June 1958 Radio-Electronics

June 1958 Radio-Electronics Cover - RF Cafe[Table of Contents]

These articles are scanned and OCRed from old editions of the Radio & Television News magazine. Here is a list of the Radio-Electronics articles I have already posted. All copyrights are hereby acknowledged.

The International Microwave Symposium (IMS) is arguably the largest single annual event for radio and microwave engineers. According to IMS2014 event officials the show in Tampa, Florida, boasted of a 7,500-visitor attendance. European Microwave Week (EuMW) runs a close second place at around 7,000. In 1958, 55,000 engineers attended the Institute of Radio Engineers (IRE - eventually became the IEEE) in New York City. IMS and EuMW would love to have numbers like anywhere near that. Maybe the large number of attendees was because dissemination of information was not nearly as instant (or eventual for that matter), and the absence of the Internet or even e-mail or online bulletin boards made face-to-face and face-to-product encounters a vital means of keeping abreast of the latest technology and regulations. Hot topics like Electronics in Space (on the verge of reality then), and what caught my attention was this: "Luminescent panels for flat-tube television were discussed by Sylvania engineers," which coincided with discussions of plasmas. Was that early large screen TV technology or just reduced curvature CRT planning? Don't know. Raytheon exhibited a nifty liquid-filled elapsed time indicator that turns from blue to clear after a predetermined amount of electric charge (20 mAH) had been applied.

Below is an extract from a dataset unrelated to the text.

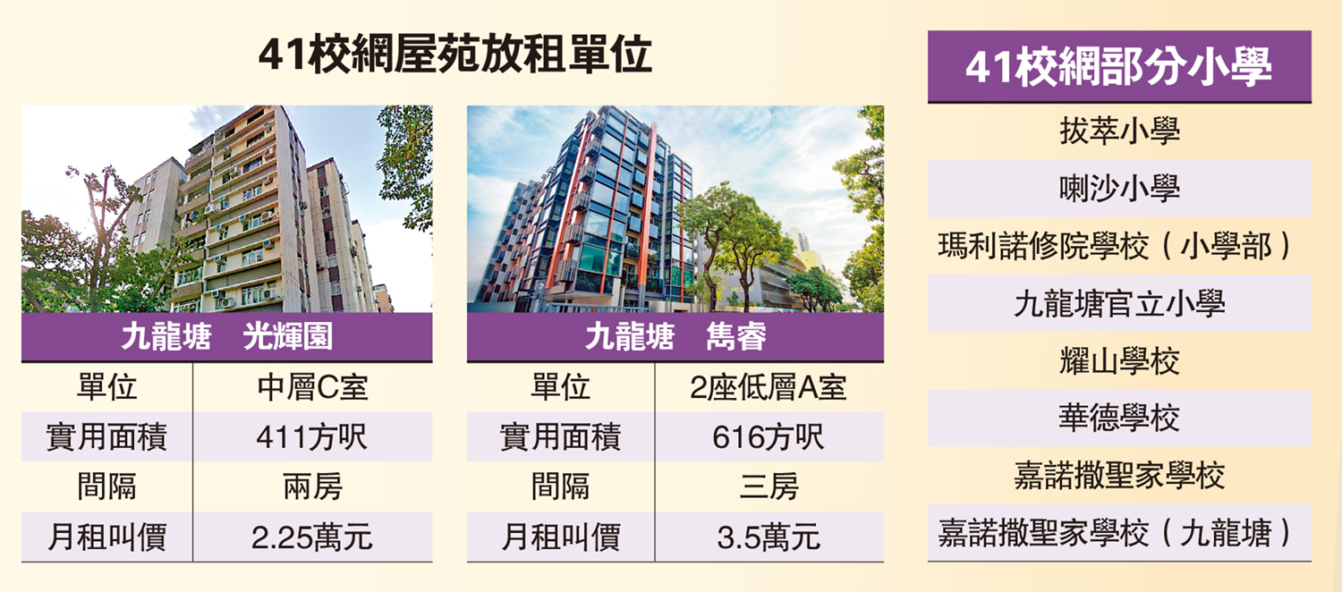 余成偉續說,41校網是香港數一數二的豪宅地段,以豪宅洋房及大型單位為主,對於中產小家庭來說,可以揀選入場門檻較低的廣播道舊式屋苑,例如廣播道光輝園中層C室,實用面積411方呎,為兩房間隔,連一個車位,每月租金叫價2.25萬元,實用呎租54.7元,惟要留意的是,屋苑早於1976年入伙,樓齡已達48年。

News from the IRE 1958 Meet

By Eric Leslie

55,000 electronic engineers gather to discuss another year of progress

Mobile antenna stands almost three stories high - RF Cafe

This mobile antenna stands almost three stories high - its radiation center is 24 feet above the ground. 

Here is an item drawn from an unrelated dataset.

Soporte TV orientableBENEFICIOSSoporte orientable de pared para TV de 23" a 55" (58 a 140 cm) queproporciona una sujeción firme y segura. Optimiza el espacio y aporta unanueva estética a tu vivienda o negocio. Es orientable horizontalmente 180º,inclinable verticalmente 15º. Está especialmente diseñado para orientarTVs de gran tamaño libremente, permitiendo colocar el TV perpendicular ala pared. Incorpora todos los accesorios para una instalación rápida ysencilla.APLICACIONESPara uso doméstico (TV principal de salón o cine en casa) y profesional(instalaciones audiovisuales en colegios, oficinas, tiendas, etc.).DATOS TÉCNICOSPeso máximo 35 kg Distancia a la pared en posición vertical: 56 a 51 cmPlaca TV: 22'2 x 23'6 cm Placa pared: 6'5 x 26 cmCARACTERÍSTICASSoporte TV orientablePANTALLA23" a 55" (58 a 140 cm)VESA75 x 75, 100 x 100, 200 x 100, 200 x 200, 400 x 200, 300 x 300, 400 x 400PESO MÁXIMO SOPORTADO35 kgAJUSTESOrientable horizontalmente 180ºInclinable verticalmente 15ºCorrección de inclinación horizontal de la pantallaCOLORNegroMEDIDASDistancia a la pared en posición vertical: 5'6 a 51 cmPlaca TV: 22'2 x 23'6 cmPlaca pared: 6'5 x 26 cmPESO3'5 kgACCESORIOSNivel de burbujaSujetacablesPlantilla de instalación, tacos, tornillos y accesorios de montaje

The year's most striking example of how fast yesterday's wonders become commonplace was probably the 1958 convention of the Institute of Radio Engineers, held in New York City the third week of March. The engineers not many years ago had thrilled to the news that a radar mes­sage had been returned from the moon - now they talked calmly about shooting a manned rocket around it. Medical electronics was married to computer technology, and the old concept of gas tubes was expanded out of recognition. (Engineers talked of a plasma of electrons and ions at a temperature of 100 million degrees, carrying currents several times as great as could an equivalent bulk of copper, and held in an envelope consisting of a magnetic field that would constrict the plasma on itself.)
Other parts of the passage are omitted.